Thursday 15 April 2010

The next government

According to Mr Ghazi Salaheldin the NCP is extending a flirtatious invitation to opposition political parties, including the boycotting Umma, to join the next 'Government of National Unity'. So the apparent is a government probably joining NCP, SPLM and the Democratic Unionist Party. The Umma Party, after cashing in two billion Sudanese pounds may well follow suit. Umma Party leader, Mr Sadiq al Mahdi, speaking to Egyptian web-based Africa Alyom has declared his readiness to cooperate with the coming government, while his second in command, Fadalla Burma, cautiously welcomed dialogue with a note that it was too early to commit to a coalition. The notorious Turabi is not expected to be too hesitant. He has already voiced readiness to jump in on the condition that the NCP reverts to the principles of the 1989 coup!

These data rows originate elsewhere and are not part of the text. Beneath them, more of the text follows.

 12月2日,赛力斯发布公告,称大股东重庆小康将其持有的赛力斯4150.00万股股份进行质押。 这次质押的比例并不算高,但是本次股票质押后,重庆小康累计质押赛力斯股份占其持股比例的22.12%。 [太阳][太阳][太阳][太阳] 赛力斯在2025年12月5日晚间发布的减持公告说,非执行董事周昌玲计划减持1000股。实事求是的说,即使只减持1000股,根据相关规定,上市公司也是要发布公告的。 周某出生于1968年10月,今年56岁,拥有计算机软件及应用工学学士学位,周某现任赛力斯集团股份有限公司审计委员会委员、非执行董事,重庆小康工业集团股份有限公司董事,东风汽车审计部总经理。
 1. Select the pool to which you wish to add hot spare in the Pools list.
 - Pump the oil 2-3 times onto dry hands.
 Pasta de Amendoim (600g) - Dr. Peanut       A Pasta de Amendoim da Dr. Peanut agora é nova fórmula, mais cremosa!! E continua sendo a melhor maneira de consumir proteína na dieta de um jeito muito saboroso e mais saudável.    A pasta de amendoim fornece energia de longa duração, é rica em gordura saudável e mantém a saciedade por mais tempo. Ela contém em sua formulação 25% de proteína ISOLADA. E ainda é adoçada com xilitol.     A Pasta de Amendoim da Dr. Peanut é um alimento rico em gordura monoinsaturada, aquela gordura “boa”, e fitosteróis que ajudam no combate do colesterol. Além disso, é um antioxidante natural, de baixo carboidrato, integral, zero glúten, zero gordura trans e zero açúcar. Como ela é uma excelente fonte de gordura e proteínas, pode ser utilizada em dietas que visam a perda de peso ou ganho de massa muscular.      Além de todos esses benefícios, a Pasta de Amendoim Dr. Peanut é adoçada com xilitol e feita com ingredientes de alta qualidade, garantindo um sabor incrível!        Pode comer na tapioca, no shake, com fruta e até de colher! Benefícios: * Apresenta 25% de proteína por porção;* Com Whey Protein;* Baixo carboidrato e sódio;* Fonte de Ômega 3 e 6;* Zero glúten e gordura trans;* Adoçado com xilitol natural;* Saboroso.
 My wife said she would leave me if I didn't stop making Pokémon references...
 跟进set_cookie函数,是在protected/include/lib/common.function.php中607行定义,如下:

The evident is that the NCP is slowly approaching achievement of the National Islamic Front's penultimate fantasy: hegemony with consent, i.e. a broad coalition led by the Islamists with the two sectarian parties, Umma and DUP, at the flanks. In essence what is crystallizing now is the dialectical opposite of the National Democratic Alliance (NDA), the umbrella organisation joining opposition to the NIF regime throughout the nineties, SPLM, Umma, Communist Party, and trade unions. Purged in the re-arrangement are the forces accused of capacity to spoil the game. The above follows the logic of Khartoum's saloon politics, marathon talks and tedious tactics. A factor however that may obstruct the NCP's ambitions is pressure from below, particularly that socio-economic shifts in Sudan have weakened the grip of sectarian leaders on their followers. The Umma Party base refused to follow Mr Sadiq al Mahdi hints at possible albeit conditioned participation in the elections following his initial withdrawal from the race and pressured the old leader into holding stubborn ground. The same uneasiness with al Mahdi's line may eventually prevail and keep him out of government.

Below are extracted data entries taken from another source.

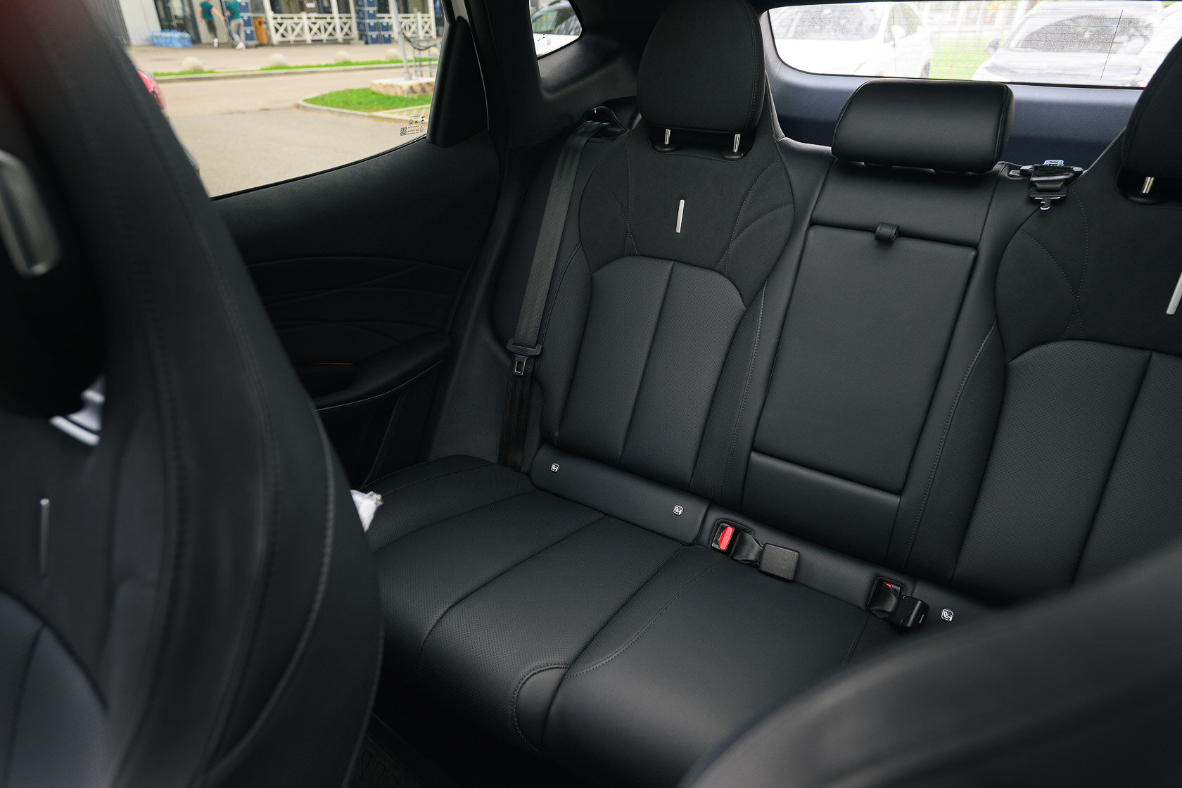 За чёрной отделкой салона можно и не заметить а-ля спортивные кресла. А ещё, стоит упомянуть, что подушки кресел спереди немного увеличены. Кто там переживал за «жёрдочки» в китайских авто?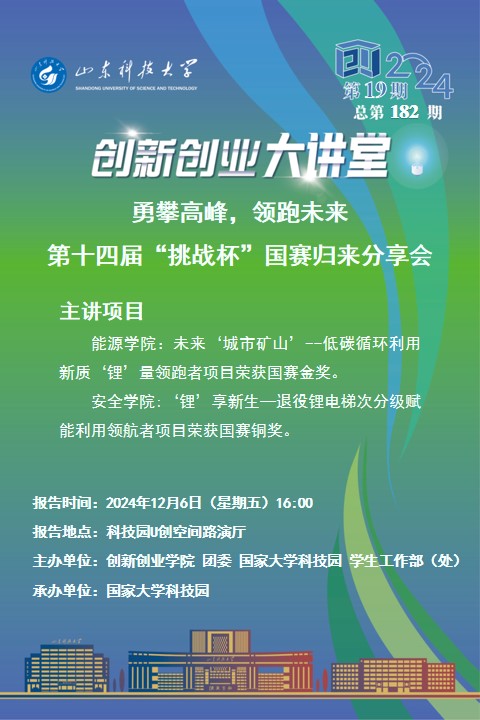 创新创业大讲堂2024年第19期:勇攀高峰,领跑未来 第十四届“挑战杯”国赛归来分享会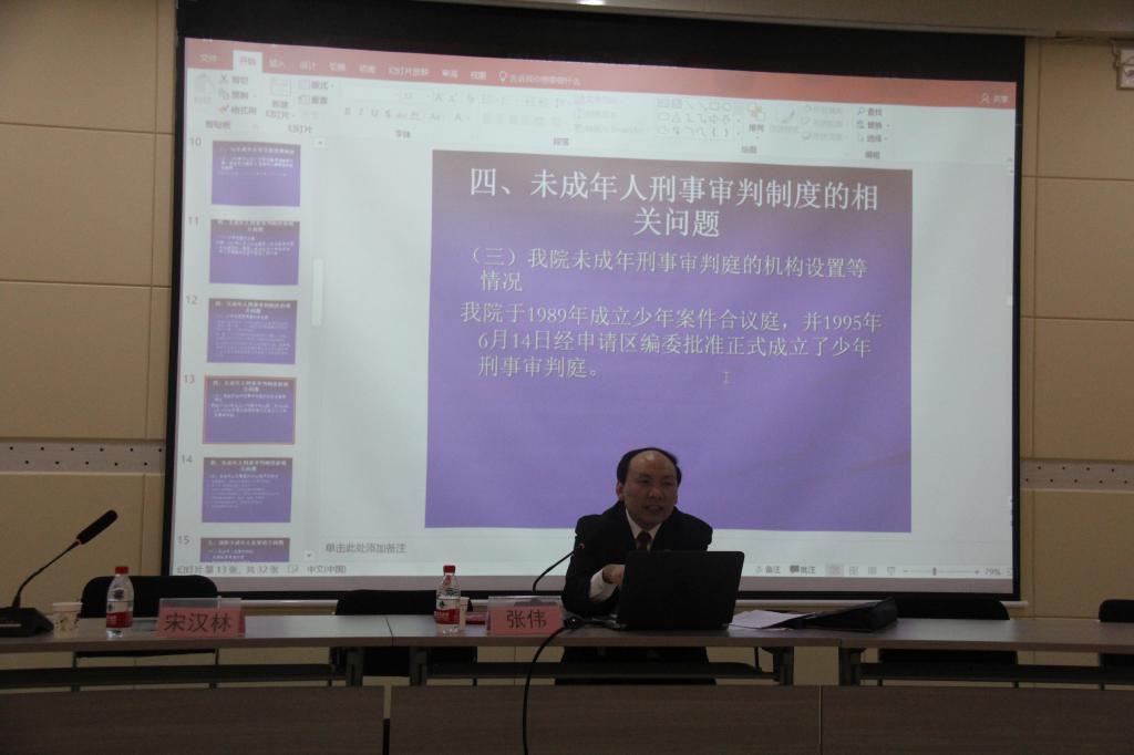 2018年4月12日,晚上18时30分,法学院于文博楼五楼第一会议室开展了以未成年刑事案件审判的若干问题为主题的法官讲座。法学院副院长宋汉林,文峰区人民法院法官张伟出席了本次讲座,法学院17级法学专业和专升本的部分同学参加了本次讲座。

The NCP, apart from long term visions of ultimate hegemony, is keen to get as many political hands as possible into the upcoming and decisive phase, where the South is expected to secede, a break in post-colonial history that it cannot afford to shoulder alone, but is hard pressed to throw into a national basket of responsibility.

Tuesday 13 April 2010

Disentanglement

In response to the electoral process Sudanese groups are making amazing efforts to point out legal and administrative gaps and flaws, a tremendous undertaking by itself, including cumbersome video documentation on youtube and others, and detailed lists of errors and mishaps.
Despite relevance this approach seems to miss the elephant. The problem with the running election is not its legal and administrative flaws, rather the political context at large. Even if the elections were 'free' and 'fair' they remain questionable in principle. Judging by Sudan's modern history the current phase is one in a serious of foiled transitions from autocratic rule to elected government marred by war or consequences of war , 1953-1956, 1964-1965, and 1985-1986. In all three a decisive shift in power forced a care-taker government into office which shouldered the responsibility to organise elections and establish democratic rule. In all three however failure to resolve the civil war in Southern Sudan with all that it implies proved to be the demise of 'democracy'. Now, in modern Sudan's fourth transition the question of the North-South conflict awaits resolution via a referendum on the future of Southern Sudan. Power, though, has evaded democratic transition, bearing in mind that a balance of weakness dictated the terms of peace. As such the situation bears semblance to the Addis Ababa Accord of 1972, whereby the South gained autonomous rule but the North remained under dictatorship. Once hailed as an achievement of African unity the collapse of the Addis Ababa Accord initiated the bloodiest phase of the North-South conflict, which in turn undermined the short lived democracy of 1986-1989.
From the above the entanglement of peace and democracy seems obvious. The CPA, amongst other concerns, sought to address the two issues simultaneously and thus break out of the post-independence deadlock of war-coup-uprising via an agreed settlement of national issues.
The CPA however has evolved independent of popular decision, into a patchwork of secondary bargains between the two power blocs in North and South, most prominent of which is the last apparent trade-off between NCP and SPLM, maintenance of NCP autocracy as a guarantee for timely conduct of the referendum. Yasir Arman's latest comment on the 'deal' is particularly revealing. He argued that SPLM's boycott of the elections preserves social peace in Sudan. Well, in essence he is right, but in consequence he is surely not. First of all the SPLM did not boycott the elections, it pulled out its presidential candidate, and a faction of the SPLM in North Sudan acted against the declared decision of SPLM leadership and similarly pulled out of the electoral race, Darfur being another question all together. In South Sudan SPLM versus SPLM elections are up and running in a similar vein to NCP hegemony in the North. Second, by declining democracy at a national level the SPLM/NCP pact is not only endangering social peace left to the devices of a potential disenfranchised mob without clear political agenda but endangering the utmost gain of the CPA, the referendum, by its disentanglement from democratic transformation in the centre of power.


Sunday 11 April 2010

Greetings from Gration

Sudan is not voting but the international community surely is. This at least is the impression one gets reading the international news coverage of the vote in Sudan. Simon Tisdall, in a piece published Friday in the Guardian argued against 'rubbishing' the process, admitting however to its logic, namely 'democratic' delivery of the South to the SPLM and the North to the NCP, although not bothered by it.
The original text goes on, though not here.